Making a case for marriage
Like a lot of young Indian couples, they met on a matrimonial website and, within a matter of weeks, were picking out the wedding invitations, reserving the horse-drawn carriages and having the bride fitted for a pearl-and gold-encrusted sari.
Judging by his online profile, the groom was suitable and eager to be a good spouse: a quiet, stay-at-home kind of person who never drank and worked as a software engineer. Perfect, thought the bride, a shy 27-year-old computer engineer.
Too perfect, according to Bhavna Paliwal, one of India's wedding detectives, who are being hired here in growing numbers to ferret out the truth about prospective mates.
“These days, you need to check the facts.
"And in India, it's the servants who will tell you 100 per cent everything,'' said Paliwal, 32, in her office, located in a rough-and-tumble neighbourhood of New Delhi. “The key is talking up the drivers, the cooks and the housekeepers. They are busybodies and aren't afraid to tell you.''
In the case of the computer engineer, Paliwal found out that the 29-year-old groom-to-be had been less than honest. He had been having an affair with his housemaid. He spent many of his “quiet'' nights straddling barstools around town, drinking heavily.
There were signs he could be prone to violence, having been in an altercation that left him with a knife wound on his stomach. As far as Paliwal was concerned, he was busted. The marriage was called off.
In India, hiring a wedding detective such as Paliwal has become a common prenuptial ritual, as important as the heavy wedding gold and the multi-cuisine ten-course meal served on plates coated in rosebuds.

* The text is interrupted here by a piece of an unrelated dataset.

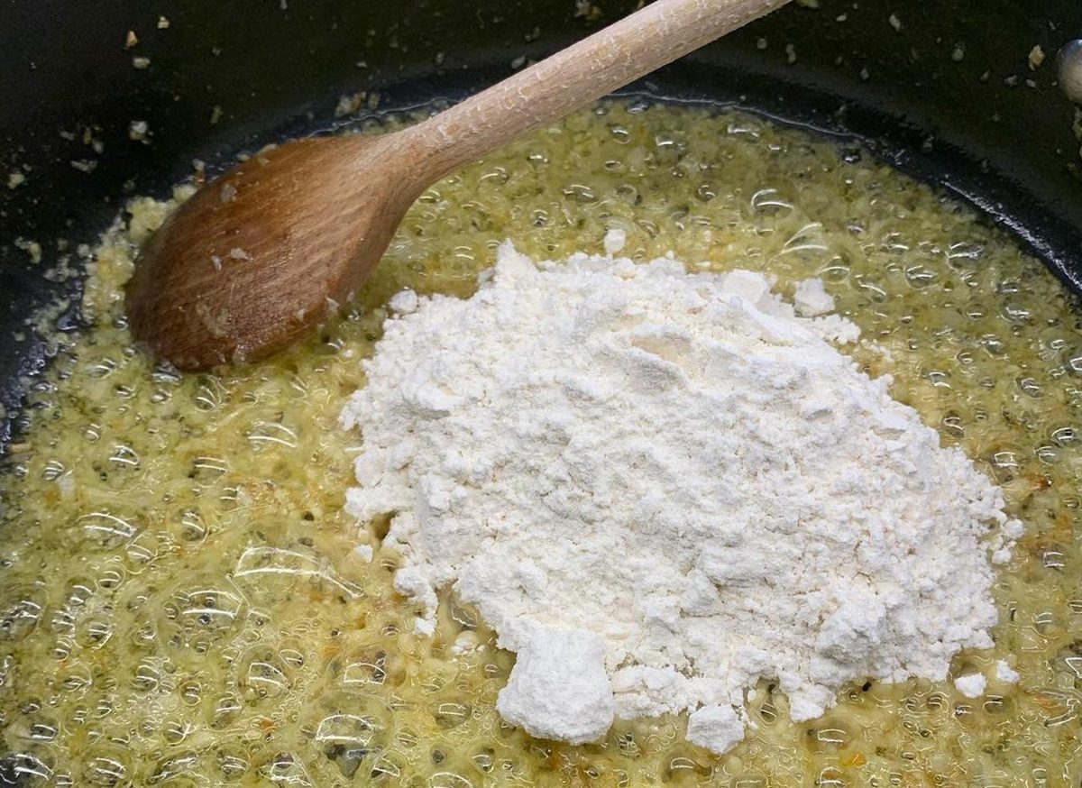 Teniendo en cuenta lo anterior, el primer paso consiste en derretir la mantequilla en una cacerola de fondo grueso. Luego se añade la harina haciendo uso de una cuchara sopera y se debe cocinar todo revolviendo de una manera constante, hasta lograr que la pasta se cocine y empiece a burbujear. No se debe dejar que se llegue a dorar.

Private sleuths have been in business in India for several years but today their services are more crucial than ever. As India's middle and upper classes grow, so too do the dowries given to grooms by brides' families. Those dowries, in turn, have boosted the incentive for fraud.
Alliance for money
Prospective grooms frequently breeze in from as far away as the United States, marry, then rush back home with the spoils, leaving behind what have become known as “abandoned brides''. Meanwhile, in India, young couples who meet over the internet are getting away with lies that gossip would once have exposed.

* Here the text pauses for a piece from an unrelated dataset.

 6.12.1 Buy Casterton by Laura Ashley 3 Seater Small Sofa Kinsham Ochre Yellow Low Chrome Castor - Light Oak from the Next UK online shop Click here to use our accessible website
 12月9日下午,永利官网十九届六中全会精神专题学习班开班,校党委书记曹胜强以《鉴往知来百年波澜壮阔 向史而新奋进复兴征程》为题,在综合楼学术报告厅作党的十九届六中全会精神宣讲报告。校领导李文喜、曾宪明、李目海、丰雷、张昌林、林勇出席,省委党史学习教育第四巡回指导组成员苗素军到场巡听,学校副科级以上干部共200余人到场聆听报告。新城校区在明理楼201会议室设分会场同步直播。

“When people meet over our site, we recommend a private detective to get all the background when you have a potential bride living in, say, Bangalore and a groom living in Hyderabad,'' said Anupam Mittal, founder of Shaadi.com, an internet portal that celebrated its millionth match last year. Shaadi is Hindi for marriage.
“Our country and culture is changing at warp speeds,'' he said. “We are dispersed all over our own country and the world. The private detective has now become just another part of India's vast wedding industrial complex.''
With an estimated 30,000 brides being abandoned every year, usually by husbands living abroad, India's Ministry of Overseas Indian Affairs also recommends that families hire private detectives to vet suitors and avoid being conned into giving away dowries, which are officially outlawed but are still common among the wealthy. The ministry estimates that hundreds of thousands of brides are lied to or misled each year.
Pandit Ram Gopal Atrey, the head priest at the Old Hanuman Mandir temple, one of thousands of neighbourhood temples in New Delhi, has seen it happen often.
“We have 50 cases a year of brides being duped. This never was the case in the past,'' Atrey said. “When this happens, it's like an act of terrorism in the life of the girl and her family. They are shamed and left with nothing after the dowry is paid.''
For Paliwal, the worst part of the investigations is breaking the news.
Recently, she had to reveal the truth about the computer engineer. The solidly built detective sat the would-be bride down in the back of her office with a box of tissues. First, she showed her the photographs: the groom partying at nightclubs, hard liquor sloshing in his glass, flirty cocktail waitresses lingering at his table.
Then she showed her the worst of it: the housemaid's tearful videotaped confession that she was having an affair with the groom.
Gaining trust and truth
“Better luck next time'' was Paliwal's hardened way of consoling the shattered young woman.
Paliwal, along with other detectives from her agency, spent days befriending the intended groom's maid and videotaping her with a spy cam. Paliwal was undercover when she chatted up the maid, telling her she wanted to open a business in the area.
“The bride was so upset, but we have saved her from a lifetime of misery,'' Paliwal said as she fielded a call from another prospective client. “You don't want to wait till marriage to know the real picture.''
The bride-to-be, who was so humiliated she didn't want to be named, said she was devastated and entered therapy. “But without their investigations, I would be dealing with these truths in my daily life,'' she said.
The investigation involved a team of four female detectives, led by Paliwal. Since it was a rush job and included the use of high-tech recording equipment, Paliwal's agency charged about $1,200.
But the bride's brother, Prem Sharma, said what the agency found out was worth every rupee. “We would have been lost without our lady detective. This was not the right boy for my sister,'' he said.